AGAMEMNON:  Old man, come hither and stand before my dwelling.

ATTENDANT:  I come; what new schemes now, king Agamemnon?

AGAMEMNON:  Thou shalt hear.

ATTENDANT:  I am all eagerness. 'Tis little enough sleep old age allows me and keenly it watches o'er my eyes.

AGAMEMNON:  What can that star be, steering his course yonder?

ATTENDANT:  Sirius, still shooting o'er the zenith on his way near the Pleiads' sevenfold track.

AGAMEMNON:  The birds are still at any rate and the sea is calm; hushed are the winds, and silence broods o'er this narrow firth.

ATTENDANT:  Then why art thou outside thy tent, why so restless, my lord Agamemnon? All is yet quiet here in Aulis, the watch on the walls is not yet astir. Let us go in.

AGAMEMNON:  I envy thee, old man, aye, and every man who leads a life secure, unknown and unrenowned; but little I envy those in office.

ATTENDANT:  And yet 'tis there we place the be-all and end-all of existence.

AGAMEMNON:  Aye, but that is where the danger comes; and ambition, sweet though it seems, brings sorrow with its near approach. At one time the unsatisfied claims of Heaven upset our life, at another the numerous peevish fancies of our subjects shatter it.

ATTENDANT:  I like not these sentiments in one who is a chief. It was not to enjoy all blessings that Atreus begot thee, O Agamemnon; but thou must needs experience joy and sorrow alike, mortal as thou art.

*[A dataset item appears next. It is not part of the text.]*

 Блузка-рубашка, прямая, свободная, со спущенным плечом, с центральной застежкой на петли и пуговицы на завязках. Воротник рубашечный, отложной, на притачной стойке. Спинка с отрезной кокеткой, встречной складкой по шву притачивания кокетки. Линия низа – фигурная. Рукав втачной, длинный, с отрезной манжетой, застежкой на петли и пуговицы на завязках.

E'en though thou like it not, this is what the gods decree; but thou, after letting thy taper spread its light abroad, writest the letter which is still in thy hands and then erasest the same words again, sealing and re-opening the scroll, then flinging the tablet to the ground with floods of tears and leaving nothing undone in thy aimless behaviour to stamp thee mad. What is it troubles thee? what news is there affecting thee, my liege? Come, share with me thy story; to a loyal and trusty heart wilt thou be telling it; for Tyndareus sent me that day to form part of thy wife's dowry and to wait upon the bride with loyalty.

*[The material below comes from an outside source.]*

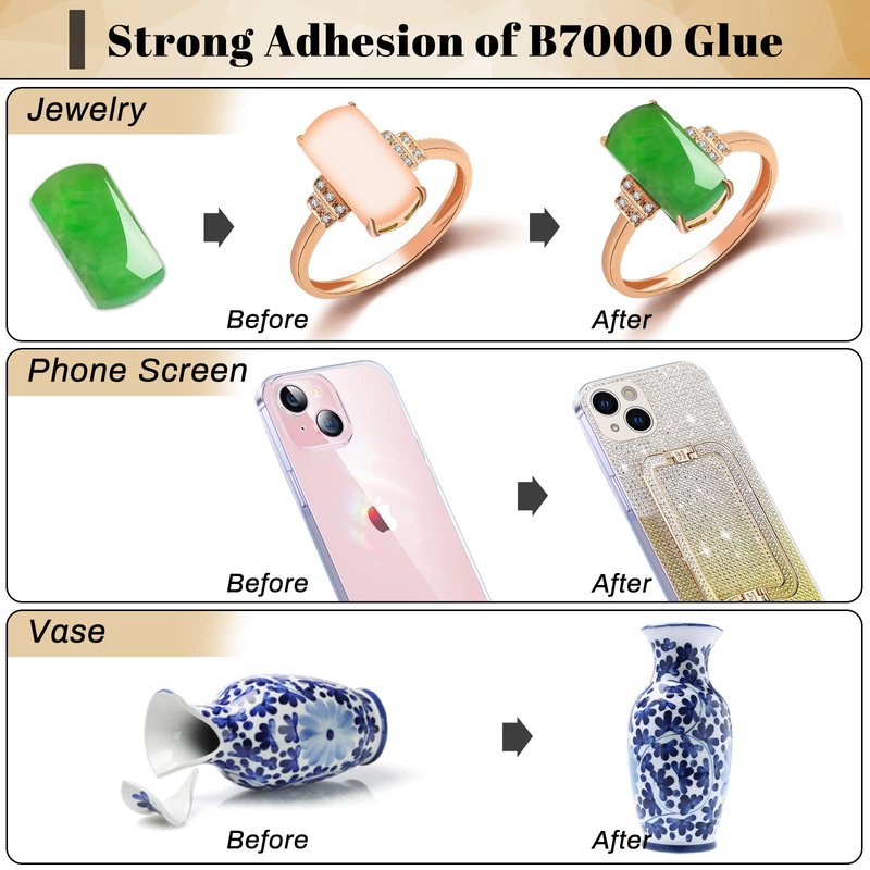 - ✅Suitable for Craft Projects & Detail Works ✅Went on smooth, easy clean up, clog free tip, B-7000 super glue fits most of material like wood, glass, fabric, ceramic, gems, metal, stone, plastics, rubber, silicone and acrylic. They usually use for replacing/ adhere cell phone screen /backs, repairing broken glasses, glue in 3d printed resin minis key places and some detail works, also used for rhinestone gems crystal stones gel on bags, nails, clothes, toys and any other DIY Crafts projects.

AGAMEMNON:  Leda, the daughter of Thestius, had three children, maidens, Phoebe, Clytaemnestra my wife, and Helen; this last it was who had for wooers the foremost of the favoured sons of Hellas; but terrible threats of spilling his rival's blood were uttered by each of them, should he fail to win the maid. Now the matter filled Tyndareus, her father, with perplexity; at length this thought occurred to him; the suitors should swear unto each other and join right hands thereon and pour libations with burnt sacrifice, binding themselves by this curse, "Whoever wins the child of Tyndareus for wife, him will we assist, in case a rival takes her from his house and goes his way, robbing her husband of his rights; and we will march against that man in armed array and raze his city to the ground, Hellene no less than barbarian."